A loan without Credit bureau is not unconditional

A loan without Credit bureau is not unconditional

The credit for the driver’s license without Credit bureau is not available from every provider and just as little without other framework conditions that provide security for the financier. For all banks in Germany, negative Credit bureau information is enough to keep the loan from being denied. However, providers from the surrounding countries, such as Switzerland, provide loan offers in which the Credit bureau entry is irrelevant. Nevertheless, these providers also want certain collateral so that it can be assumed that monthly installments will be paid on time. For this purpose, borrowers should above all have a regular and unlimited income.

If these conditions are met, the credit for a driver’s license without a Credit bureau is often no longer a problem. Alternatively, many financing providers also offer to pay the necessary money directly to the respective driving school. In this way, the funds always end up in the designated place. On the one hand, this brings advantages, but the disadvantages should also be examined. This is because the borrower takes the risk of not receiving a driver’s license or money back if the driving school suddenly reports bankruptcy, for example. The latter variant as a loan for a driver’s license without a Credit bureau therefore represents a very high risk in comparison.

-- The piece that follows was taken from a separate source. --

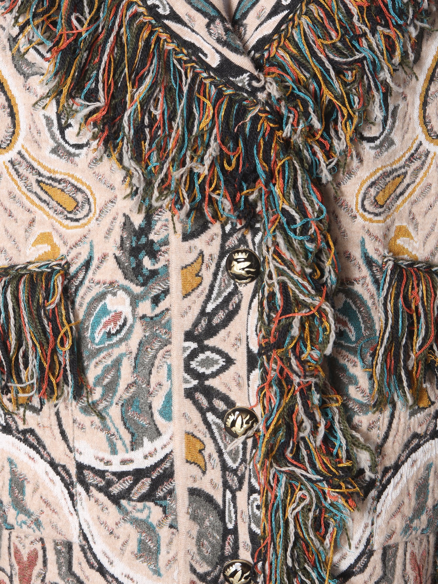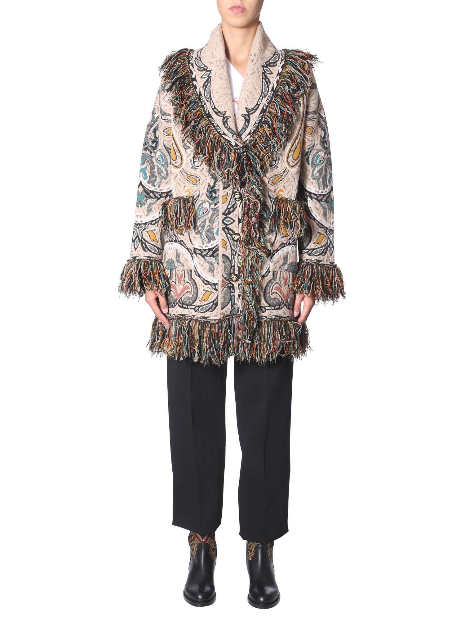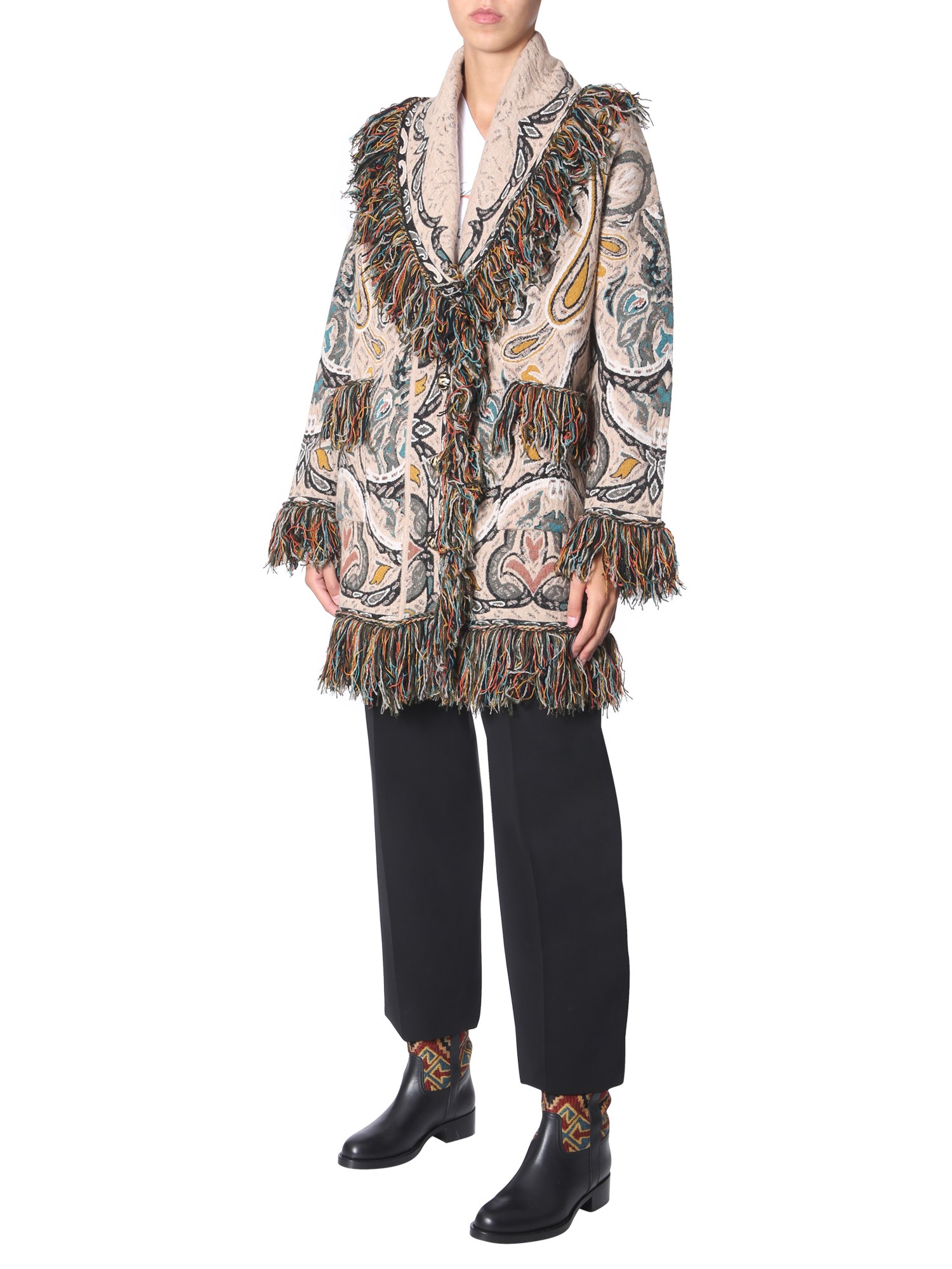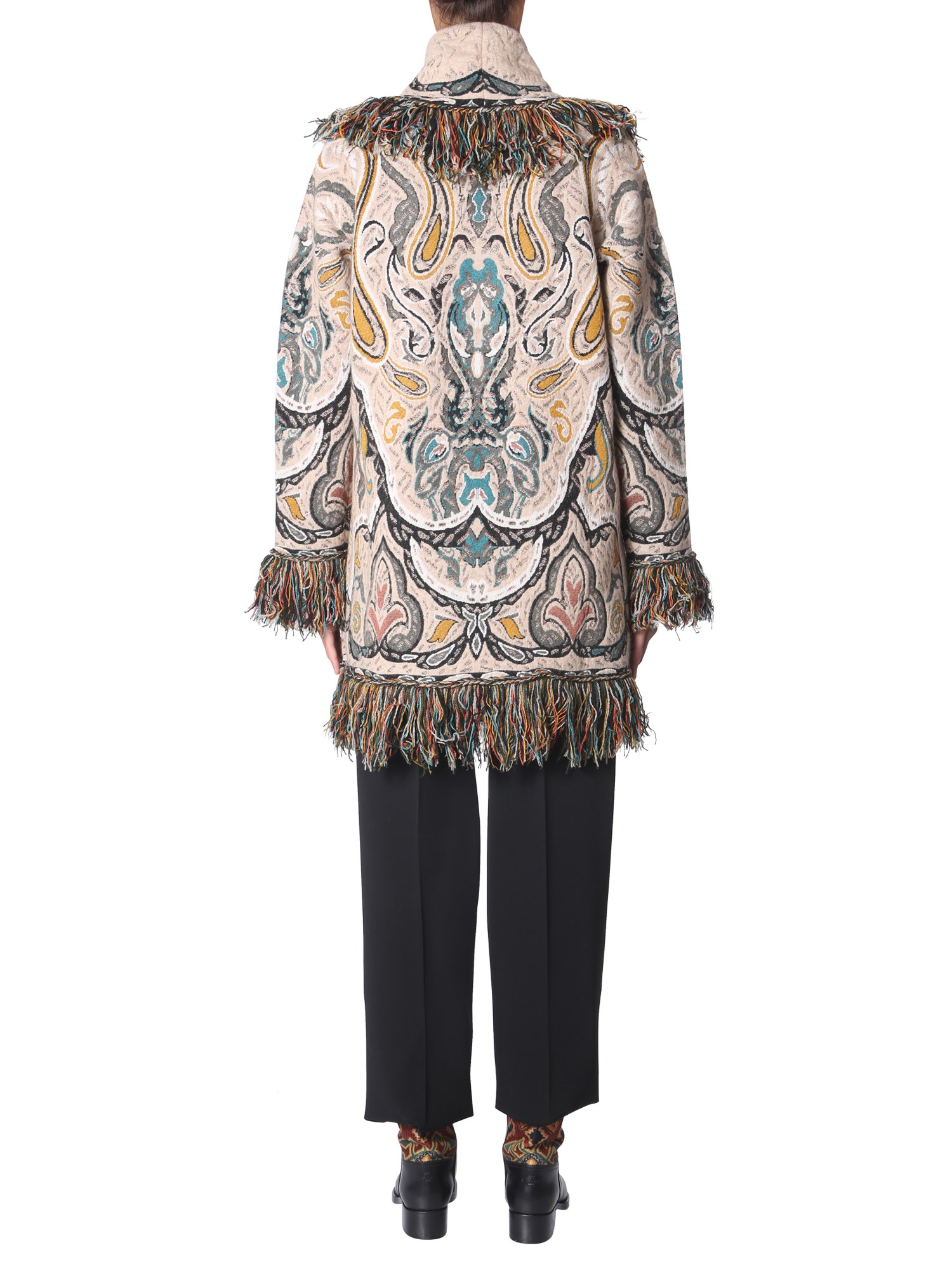 Add variety to your winter wardrobe with this fringed coat from Etro. This viscose, wool, polyester and polyamide blend jacket is sure to keep you warm and snugly in chilly winter. The trendy fringe detailing and all-over printed pattern make it a worthy addition to your winter wardrobe. Team it with leather boots for a trendy a look.

Serious foreign loans without Credit bureau

Serious foreign loans without Credit bureau

There are good reasons for a loan for a driver’s license even without a Credit bureau. Because investing in a driving license can also mean more income in the future. In spite of everything, every borrower should be sure of the risks of a loan and therefore carefully consider how securely the loan can be covered and what the burden is.